Faramir grinste ihr zu und verabschiedete sich von seinem Gegner. Éowyn beobachtete, wie Faramir zum Brunnen ging und sich dort kurz abwusch. Sie selbst ging jetzt wieder in das Gemach hinein, um sich anzukleiden. Sie wählte ein praktisches Reitkleid aus, denn sie hatte beschlossen, nach Minas Tirith zu reiten, zu diesem Emyr.

Als Faramir mit feuchten Haaren und offen stehender Tunika das Schlafgemach betrat, war Éowyn bereits fertig angezogen.
„Was hast du vor?“, fragte er erstaunt.
„Ich will diesen Emyr in Minas Tirith aufsuchen“, erklärte seine Gemahlin kurz angebunden. „Ich muss mehr über dieses Malrond wissen.“
„Du wirst doch nicht etwa mit ihm dort hin gehen?“, fragte Faramir erschrocken.
„Davon ist keine Rede“, meinte Éowyn kopfschüttelnd. „Ich habe heute Nacht von dieser goldenen Höhle geträumt.

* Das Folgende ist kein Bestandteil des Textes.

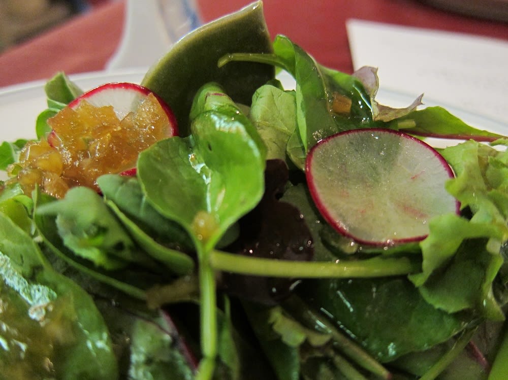 グリーンアスパラガスとグラパラリーフのサラダ 黒酢玉葱ドレッシング

Das hat mich ziemlich beunruhigt. Ich muss wissen, ob diese Legende ein Körnchen Wahrheit enthält.“
Faramir presste die Lippen zusammen. Er war nicht begeistert von Éowyns Plänen, allerdings wusste er nur zu gut, dass er sie davon nicht abbringen konnte. Mit ihrer Sturheit hatte er in ihrem jungen Eheleben schon einige Male Bekanntschaft gemacht.
„Ich werde dich begleiten“, erklärte Faramir schließlich und zog sich die durchnässte Tunika über den Kopf.
Éowyn wirkte nicht sehr erfreut darüber. Mit ernster Miene verließ sie das Schlafgemach. Sie wollte eigentlich mit dem alten Ritter gerne unter vier Augen sprechen, denn sie hatte auch einige Fragen über ihre Großmutter. Dass Faramir auch dabei sein würde, störte sie.


Die Stimmung war gedämpft, als das Fürstenpaar mit einigen Leibwächtern nach Minas Tirith aufbrach. Faramir spürte, dass er auf dieser kurzen Reise nicht erwünscht war und er ärgerte sich darüber ein wenig. Éowyn und er hatten doch keine Geheimnisse voreinander. Bis jetzt jedenfalls nicht. Die Botschaft dieses alten Ritters hatte alles verändert zwischen ihnen. Éowyn gab sich plötzlich verschlossen und nachdenklich. Vergeblich versuchte er, zu ihr durchzudringen. Dabei wollte er ihr nur helfen.